- #1
Abid Rizvi
- 20
- 0
Homework Statement
The "spirit-in-glass thermometer", invented in Florence, Italy, around 1654, consists of a tube of liquid (the spirit) containing a number of submerged glass spheres with slightly different masses (see the figure below). At sufficiently low temperatures all the spheres float, but as the temperature rises, the spheres sink one after the other. The device is a crude but interesting tool for measuring temperature. Suppose that the tube is filled with ethyl alcohol, whose density is 0.78945 g/cm3 at 20.0° and decreases to 0.78097 g/cm3 at 30.0°C.
If one of the spheres has a radius of 1.400 cm and is in equilibrium halfway up the tube at 20.0°C, determine its mass?
When the temperature increases to 30.0°C, what mass must a second sphere of the same radius have in order to be in equilibrium at the halfway point?
At 30.0°C the first sphere has fallen to the bottom of the tube.
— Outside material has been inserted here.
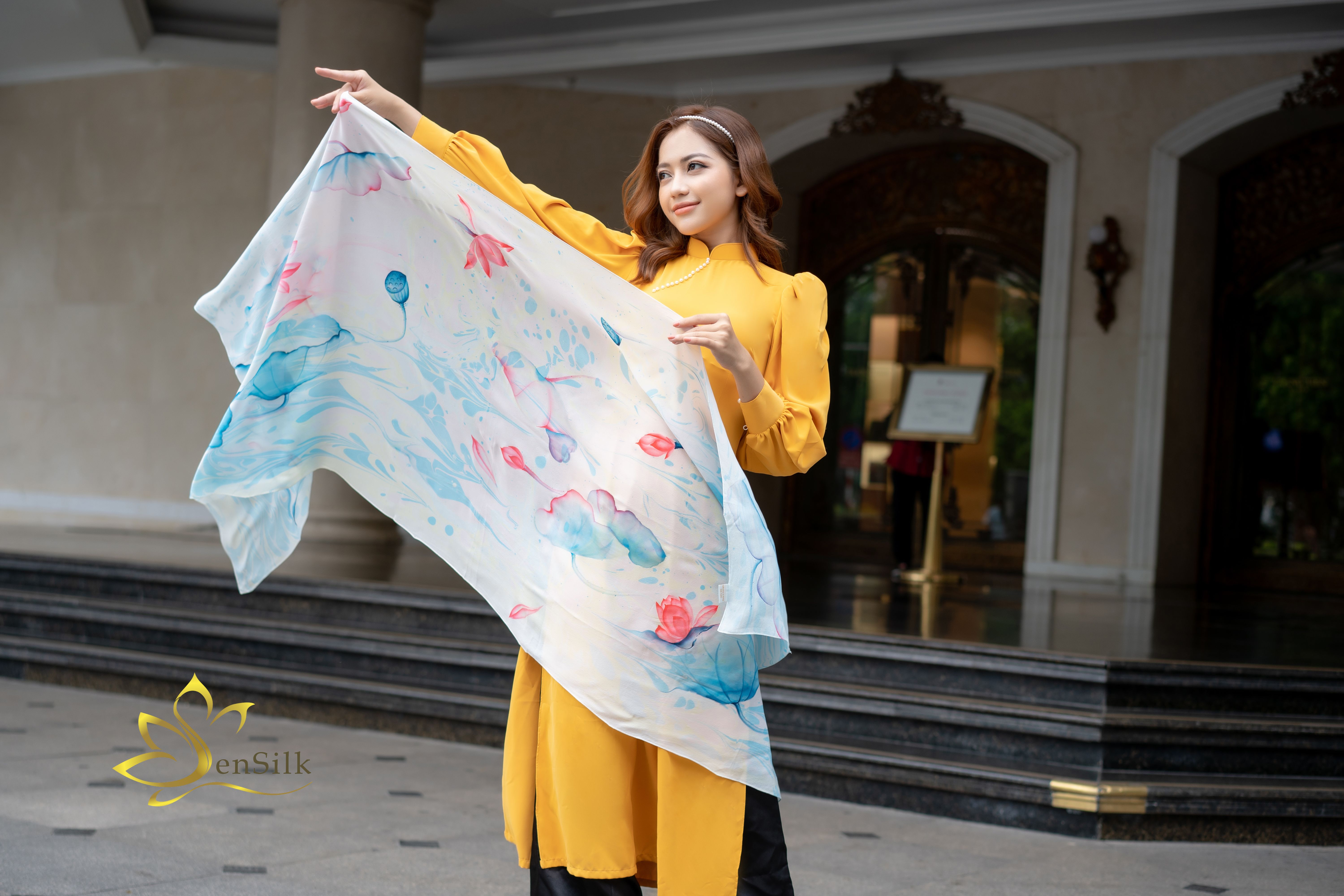 SenSilk – Lụa Tơ Tằm Thuần Việt kết hợp hài hoà giữa Lụa tơ tằm Bảo Lộc cao cấp với công nghệ in kỹ thuật số hiện đại tạo nên những chiếc khăn lụa in kỹ

What upward force does the bottom of the tube exert on this sphere
Homework Equations
buoyant force = mg
The Attempt at a Solution
So I go the first 2 correct.
For the first one I had: M_sphere*g = p_alcohol_at_20 * g * 4/3 pi r^3
solving for M_sphere, I got 9.07 grams
For the second one I had M_sphere2*g = p_alcohol_at_30 * g * 4/3 pi r^3
solving for M_sphere2, I got 8.98 grams
For the last part, I set up this equation:
buoyant force + normal force = mg_sphere
p_alcohol_at_30*V_sphere*g + N = M_sphere*g
But this equation has 2 unknowns, N (the normal force) and p_sphere, the spheres density. I'm not even a 100% sure if 1.4cm is the radius of this sphere so I may not even know the volume meaning 3 unknowns... What am I missing?
Thanks in advance
So I set up the force equation and then divided the result by 1000 and the answer worked. Thank you guys!